The Spoken Word movement in poetry traces its origins to the Harlem Renaissance and to Vachel Lindsay, who was active during the same period. Lindsay derived a great deal of his style from blues phrasing, from preaching, and from oral storytelling traditions, just as the Harlem Renaissance writers did. Slam poetry competitions in San Francisco, the Nuyorican Poets Café on the Lower East Side in Manhattan, Russell Simmons’s Def Poetry series, and the rise of Hip-Hop on both coasts gave voices to entire movements through the percussive, dramatic poetics seen in Lindsay’s work. These movements differ from Lindsay in their consistent focus on social justice and enfranchisement. While the Spoken Word genre exists for performance and to entertain, these works almost always educate as well.

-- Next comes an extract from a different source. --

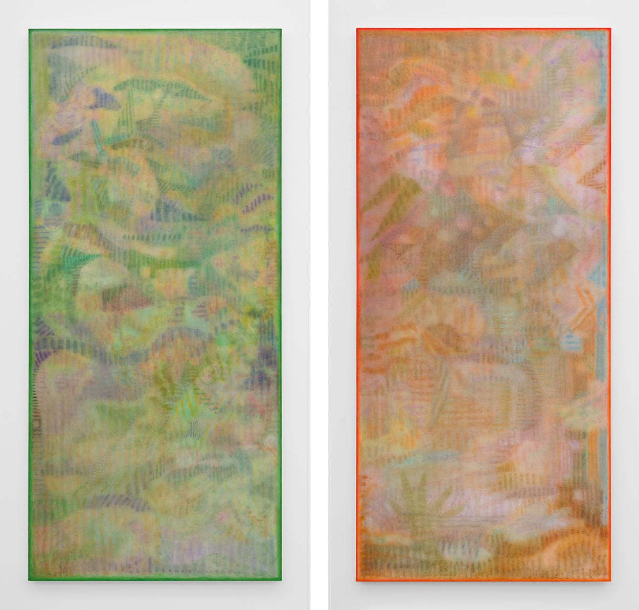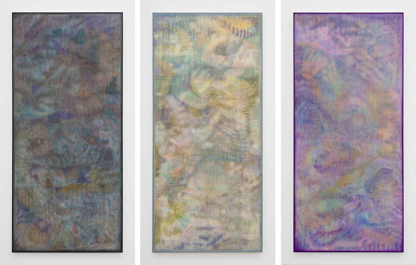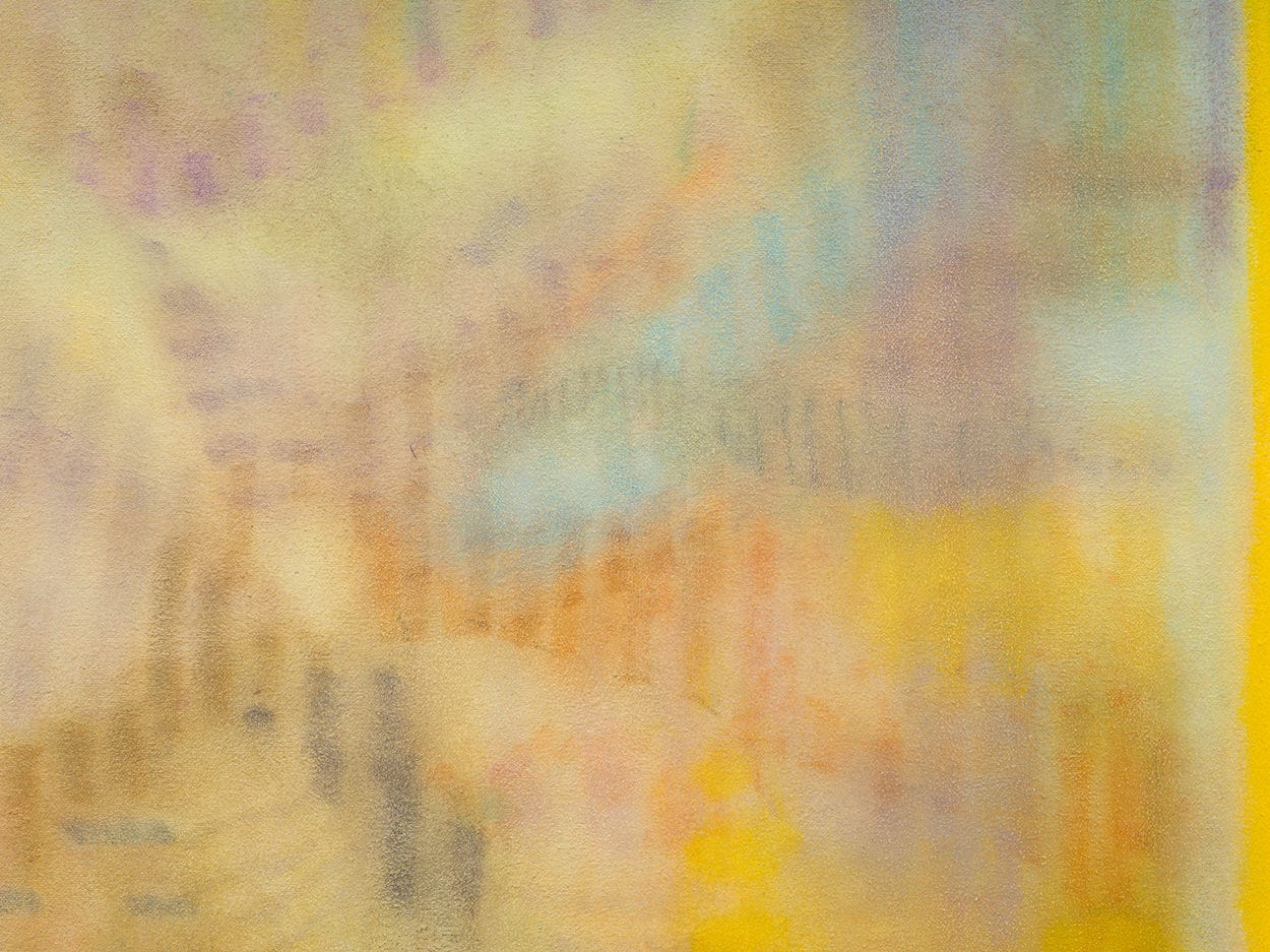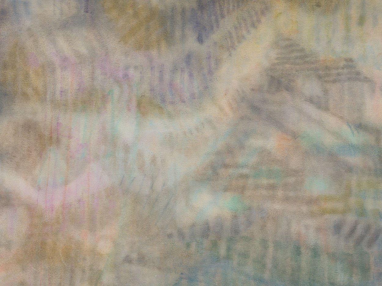 The exhibition1 is titled Ode in Nine, and it is explained to partially reference the Norse god Odin, who hung from the cosmic World Tree for nine days and nine nights to gain wisdom. I think these nine door-shaped paintings depict new a kind of mythology, beyond words. The title also references Beethoven’s Ninth Symphony, which culminates in the famous Ode to Joy. Likewise, these paintings are resonantly, achingly joyful.

This Whitmanesque, oracular style of poetry served to encompass poets’ increasingly expansive ideas about American voice. While Lindsay may have been less egalitarian and socially aware than the groups to follow him, he occupies a unique spot in American poetics, poised between conventional academic tone and a more democratic music, one closer to the voice of the people.

Socio-Historical Context: The Jazz Age

The loose metrical structure, the musicality, and cinematic drama of Vachel Lindsay’s “The Congo,” as well as many of his other poems, fits the glamor, speed, and excess of the American Jazz Age. But Lindsay’s work predates the era, and by the time the 1920s and high Modernism were in full swing, Lindsay had begun to decline in popularity and in confidence. While “The Congo” employs some of the expansive lines seen a decade later in poems by T. S. Eliot, William Carlos Williams, and Langston Hughes, Lindsay’s work never reached beyond the excitement of performance toward more philosophical, social, or intellectual epiphanies. What Lindsay did understand before almost any other figure in the arts was the importance of what he believed to be the only truly American genre, America’s gift to the cultural landscape: the motion picture. Lindsay wrote the first definitive film grammar, The Art of the Moving Picture, in 1915. In this prescient work, Lindsay predicts film genres that would not appear for decades. He accurately assumes that the movies will replace vaudeville as the primary popular form of entertainment for the American public. Along with the jazz and blues music Lindsay wanted so much to replicate in his poetry, movies would define the aesthetic of the Jazz Age and reshape American desire. Lindsay’s best work grasps at the zeitgeist ahead, not quite capturing it for his own.